══ Records for the task ══
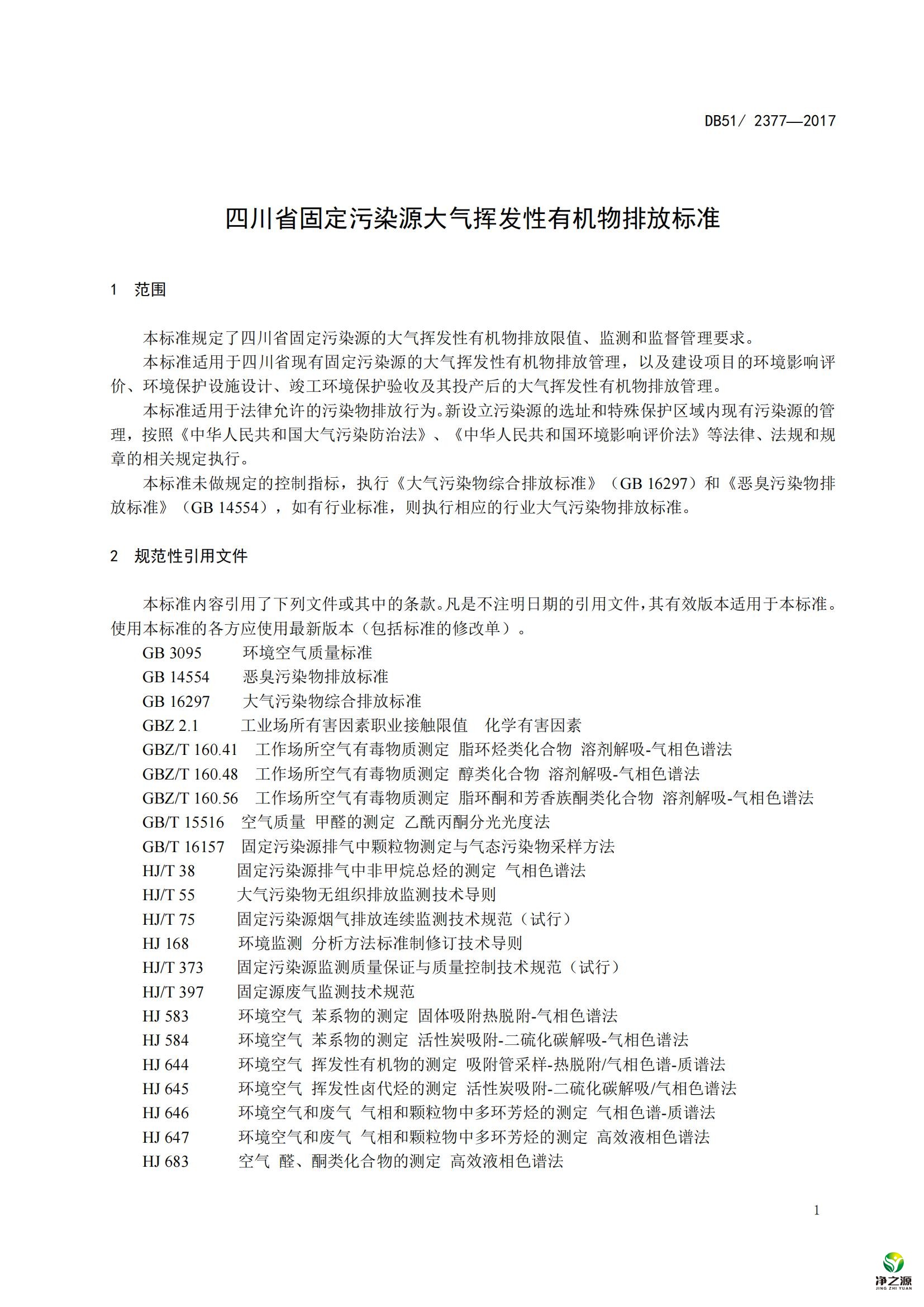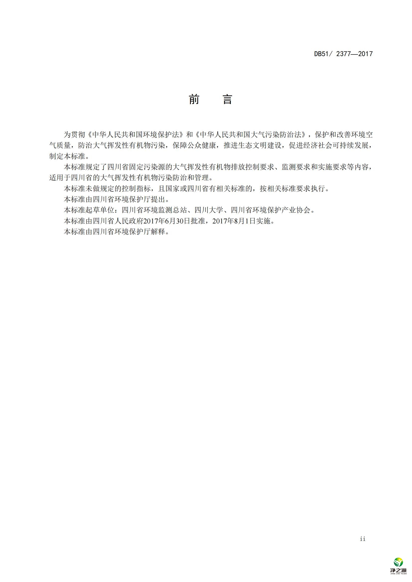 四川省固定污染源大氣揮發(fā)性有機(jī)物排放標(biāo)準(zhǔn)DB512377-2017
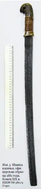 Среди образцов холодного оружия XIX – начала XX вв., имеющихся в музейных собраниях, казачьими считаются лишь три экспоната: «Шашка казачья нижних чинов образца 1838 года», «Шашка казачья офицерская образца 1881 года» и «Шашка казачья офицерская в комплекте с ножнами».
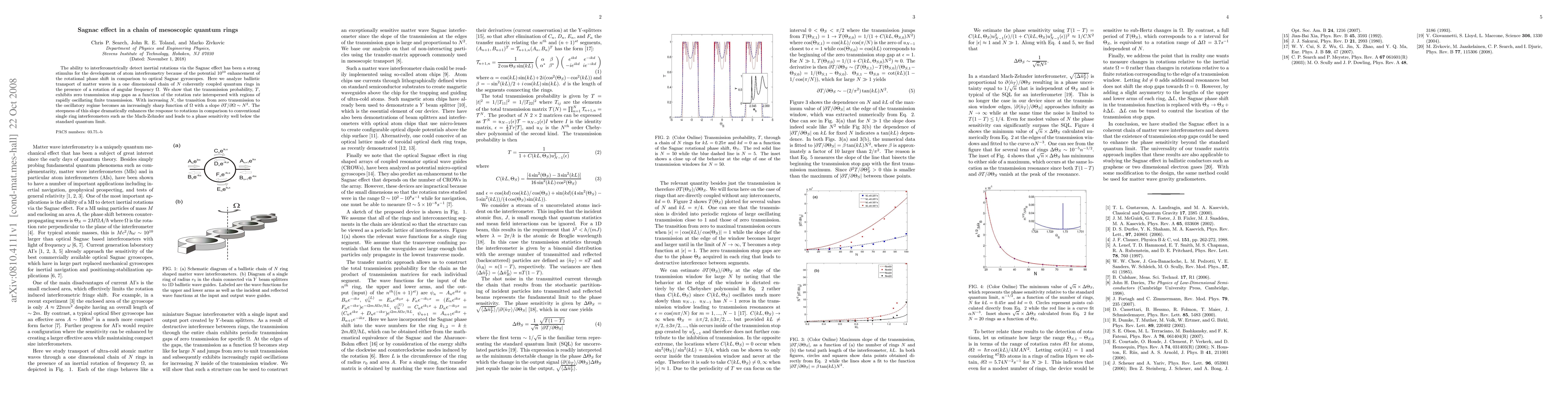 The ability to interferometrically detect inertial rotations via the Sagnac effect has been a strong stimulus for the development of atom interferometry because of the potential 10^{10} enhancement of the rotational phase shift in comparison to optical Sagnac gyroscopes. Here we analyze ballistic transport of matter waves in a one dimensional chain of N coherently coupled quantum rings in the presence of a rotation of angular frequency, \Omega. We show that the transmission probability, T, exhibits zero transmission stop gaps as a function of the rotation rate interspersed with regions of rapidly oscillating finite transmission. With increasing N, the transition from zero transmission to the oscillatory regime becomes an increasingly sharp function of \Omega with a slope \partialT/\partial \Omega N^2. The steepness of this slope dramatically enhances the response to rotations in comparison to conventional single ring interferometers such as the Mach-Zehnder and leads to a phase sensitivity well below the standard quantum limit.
═══
══ Records for the task ══
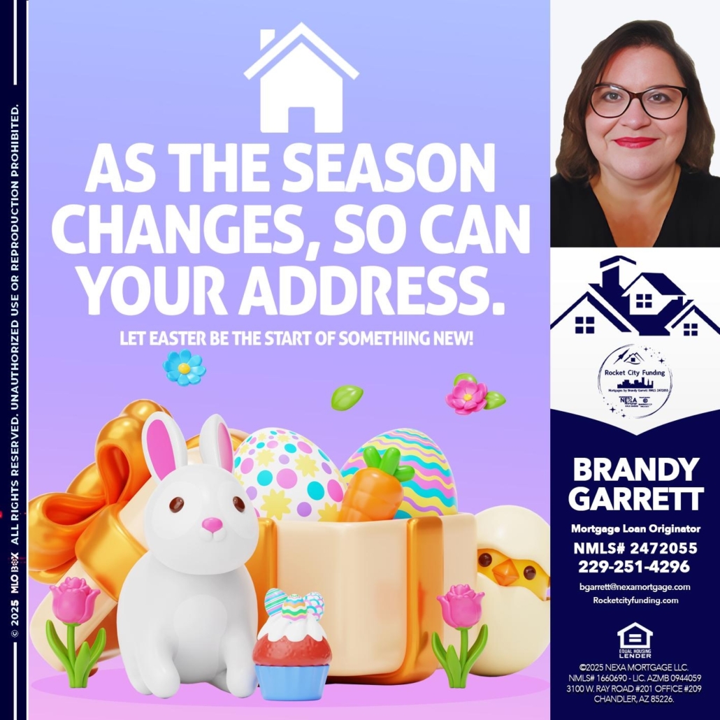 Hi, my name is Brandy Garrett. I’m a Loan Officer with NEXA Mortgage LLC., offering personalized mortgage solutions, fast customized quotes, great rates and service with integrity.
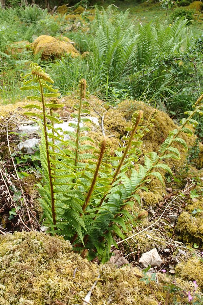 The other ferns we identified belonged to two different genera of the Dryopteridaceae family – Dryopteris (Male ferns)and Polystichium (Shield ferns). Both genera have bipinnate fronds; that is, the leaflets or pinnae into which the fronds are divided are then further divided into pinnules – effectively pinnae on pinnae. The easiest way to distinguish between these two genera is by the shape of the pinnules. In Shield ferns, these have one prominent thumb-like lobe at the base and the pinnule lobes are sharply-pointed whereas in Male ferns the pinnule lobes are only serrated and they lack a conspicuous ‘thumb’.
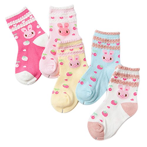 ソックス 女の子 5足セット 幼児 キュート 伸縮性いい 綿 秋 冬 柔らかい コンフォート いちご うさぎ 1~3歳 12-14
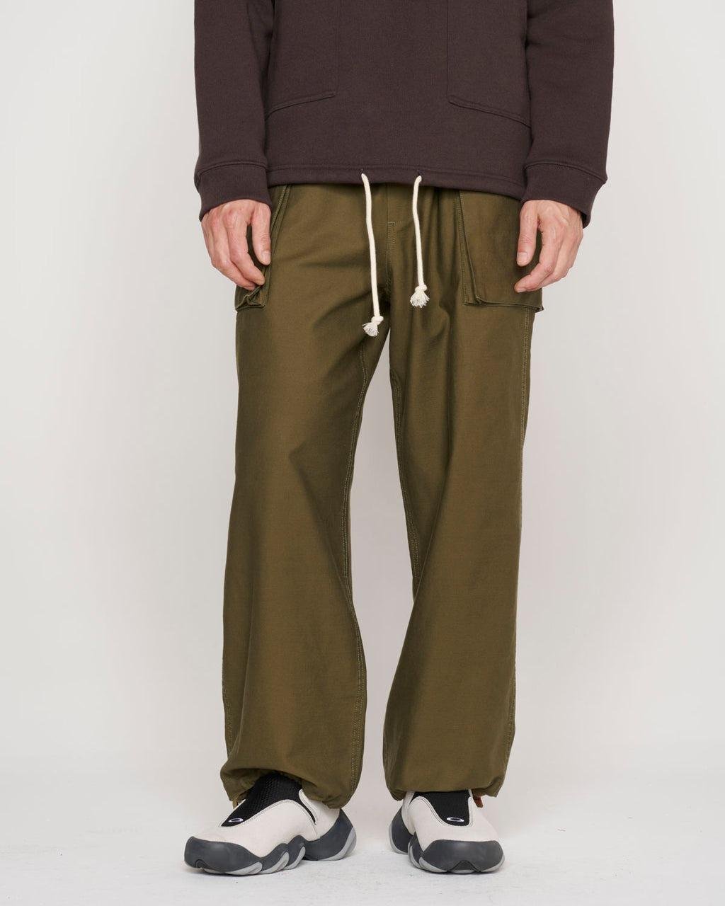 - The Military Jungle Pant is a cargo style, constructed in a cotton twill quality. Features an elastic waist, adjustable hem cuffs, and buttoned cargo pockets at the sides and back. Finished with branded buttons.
═══
*Task requirements:*
After locating the line containing "四川省固定污染源大氣揮發(f" in the entries above, return it and every line after it exactly, ending at the line containing "Среди образцов холодного", without pictures.

*Solved exercise:*
 四川省固定污染源大氣揮發(fā)性有機(jī)物排放標(biāo)準(zhǔn)DB512377-2017
 Среди образцов холодного оружия XIX – начала XX вв., имеющихся в музейных собраниях, казачьими считаются лишь три экспоната: «Шашка казачья нижних чинов образца 1838 года», «Шашка казачья офицерская образца 1881 года» и «Шашка казачья офицерская в комплекте с ножнами».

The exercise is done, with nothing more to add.